Please direct questions to: 
CJ Doolittle, Flexcompute, Inc.
Theresa Saxton-Fox, University of Illinois at Urbana-Champaign

Technical papers are solicited in the areas of computational, experimental, and theoretical fluid dynamics relevant to aerospace applications. Emphases should be on basic research and development, and any methodologies/approaches that rely heavily on (or expand) theoretical understanding. Applied research and advanced technology development topics will also be considered. Papers that present new insights into fluid flow physics, address emerging technical challenges, introduce innovative ideas and tools, promote interdisciplinary and synergistic research, or integrate experimental, computational, and/or theoretical approaches are strongly encouraged. Additionally desired are papers describing new theoretical constructs for flow physics or those applying established theory from other fields to fluid mechanics to make fundamental advances in our knowledge of the physics of flows.

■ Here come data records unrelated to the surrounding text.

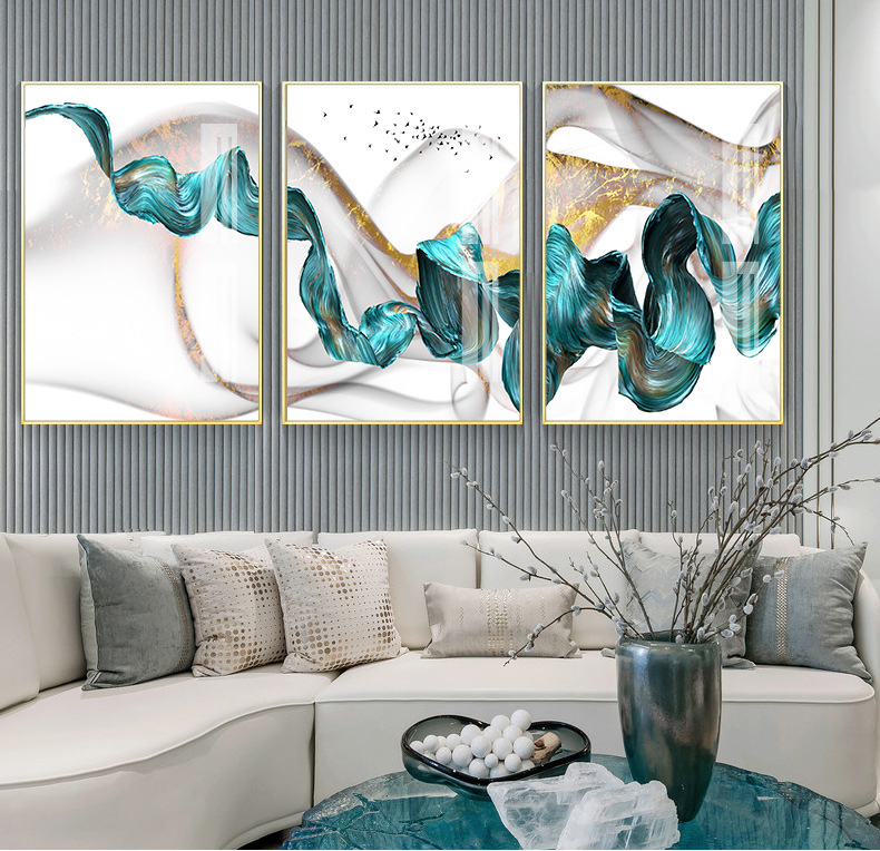 客厅装饰画沙发背景墙画三联画招财风水挂画新中式壁画山水画
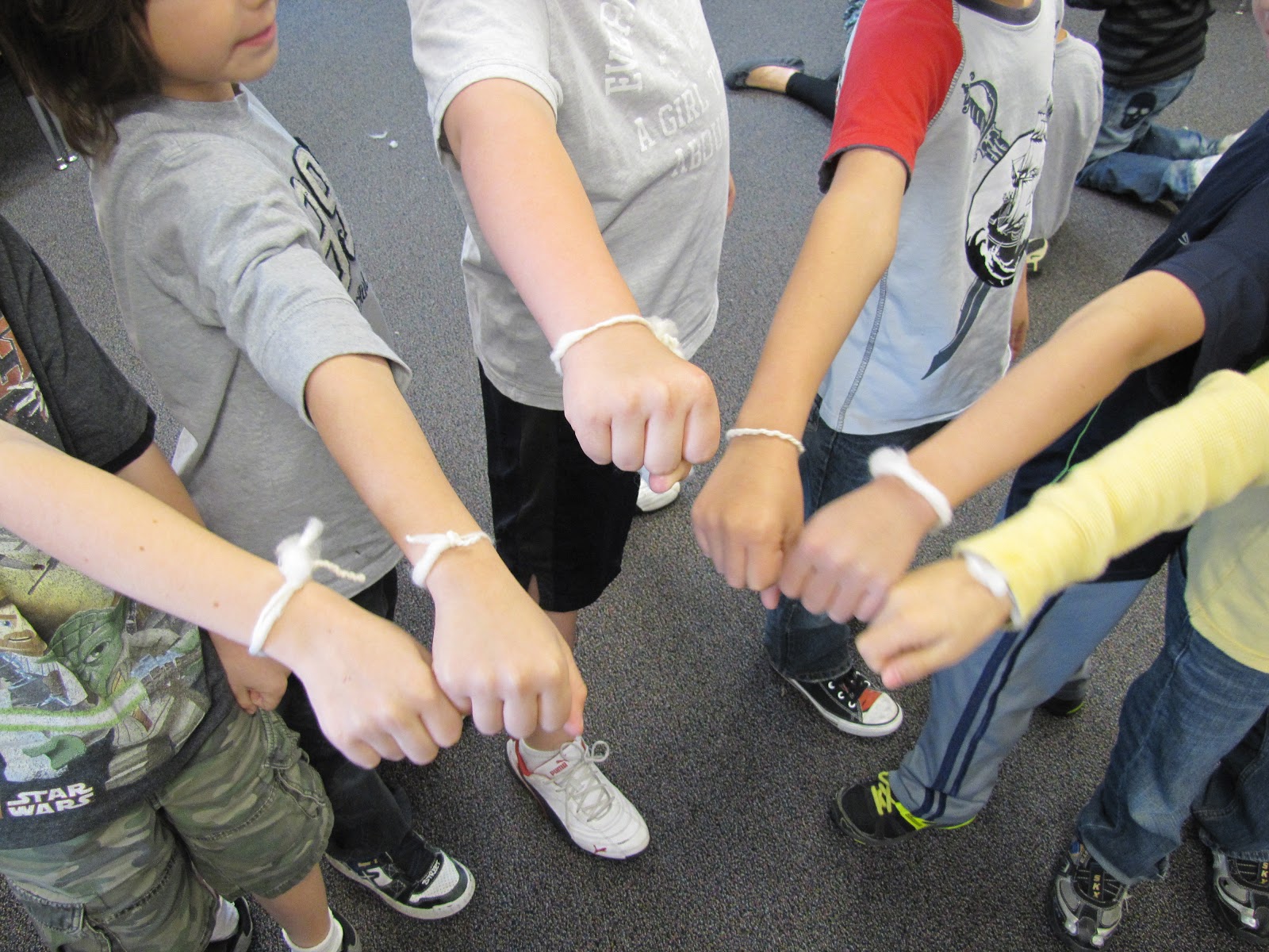 First, everyone gets a partner.  Then, a small handful of wool and an unbent paperclip is all it takes.  Hook the paperclip into the puff of wool and start twisting.  The pair has to work together, one twisting and one drafting, to make this work.
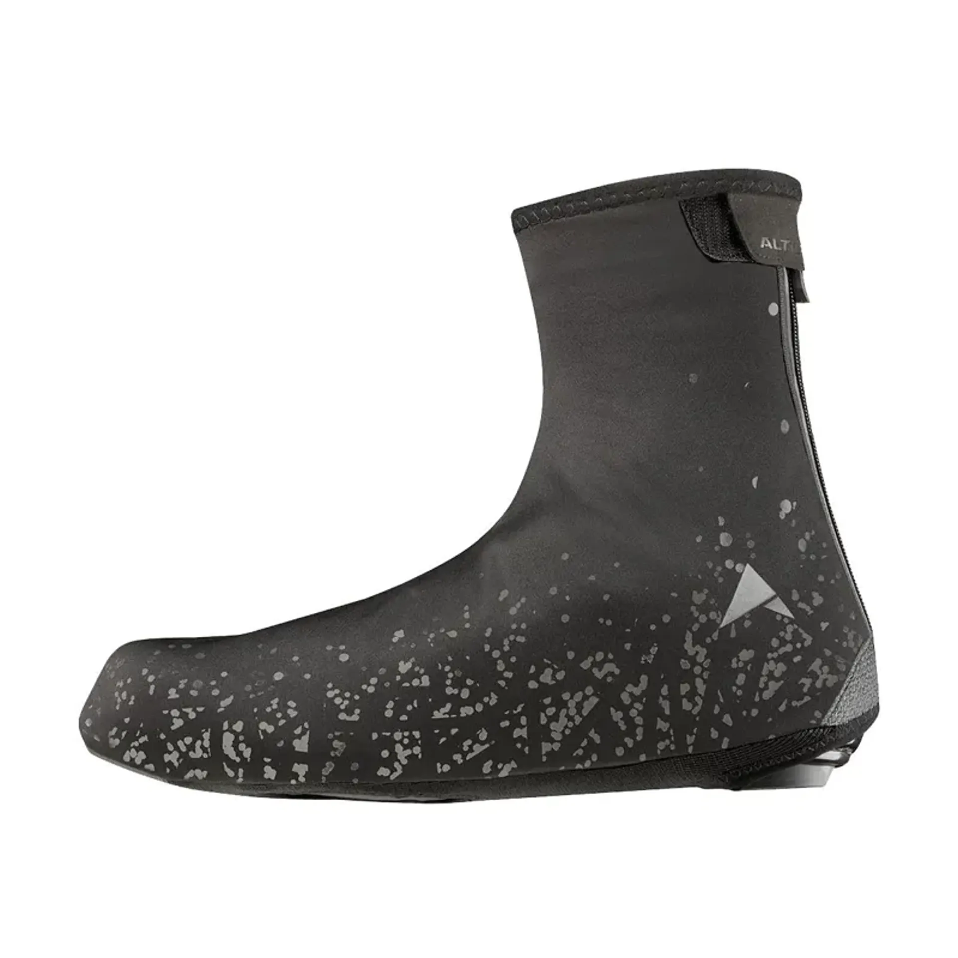 The altura firestorm overshoes offers protection in wet weather for commuting and road rides. Engineered with a softshell fabric for comfort with abrasion resistant underfoot toe and heel fabrics. Close fitting with an angled rear closure auto lock zipper with hook and loop ankle adjustment. As part of the firestorm collection the overshoes have been designed with a reflective print providing greater visibility to other road users in low light and darker conditions.

All persons submitting an abstract to this technical discipline are also invited to participate in the Flow Visualization Showcase.

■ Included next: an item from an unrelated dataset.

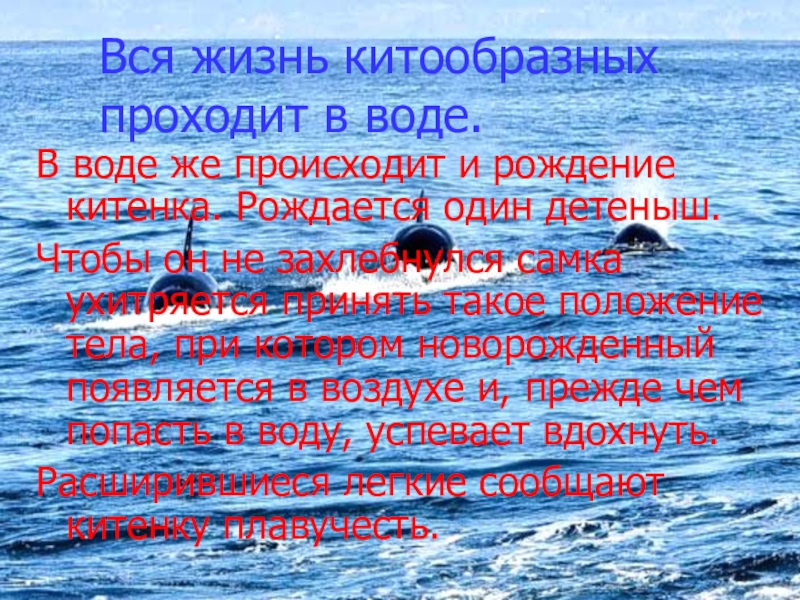 Слайд 10Вся жизнь китообразных проходит в воде.

• Flow Control Devices and Applications
• Instrumentation and Diagnostic Techniques
• Low-Reynolds-Number and Bio-Inspired Flows
• Multiphase Flows
• Multiphysics and Cross-Disciplinary Flows
• Nonequilibrium Flow Physics (joint FD/TP)
• Reduced-Complexity Modeling and Machine Learning
• Shock-Boundary Layer Interactions
• Stability and Transition
• Supersonic and Hypersonic Flows
• Theoretical Flow Physics
• Turbulent Flows
• Unsteady Aerodynamics and Massively Separated Flows
• Vortex Dynamics and Rotating Flows
• Special Session: Advances in Aerodynamics from AIAA-KSAS

Please direct questions to:
Nicholas Borer, NASA
Mayank Bendarkar, Georgia Institute of Technology

Technical papers and oral presentations are requested in the area of General Aviation, broadly defined as aviation for nonscheduled personal or business use. Topics of interest include aircraft design, technology integration, airspace design/usage, safety, passenger experience, and other challenges associated with this type of travel, as well as novel designs, operations, infrastructure, and approaches to enable Advanced Air Mobility and Regional Air Mobility. Given the broad scope of General Aviation topics, papers may be jointly sponsored with other Technical Disciplines within the conference.

• Advanced Air Mobility Operations and Sustainability (joint GA/ATM)
• Advanced Regional Air Mobility Concepts and Operations
• Advances in Propulsion, Power, and/or Energy Systems to Enhance Air Mobility
• Approaches to Increase Affordability, Utility, and/or Experience of General Aviation Operations
• Design, Requirements, or Performance of General Aviation Concepts
• Improved Certification and Safety Assurance Approaches for Existing or New Concepts (joint GA/TF)
• Quantification/Improvement of General Aviation Safety through Analysis or New Technologies
• Simplified Operations/Autonomy for Advanced Air Mobility (joint GA/TF/UAS)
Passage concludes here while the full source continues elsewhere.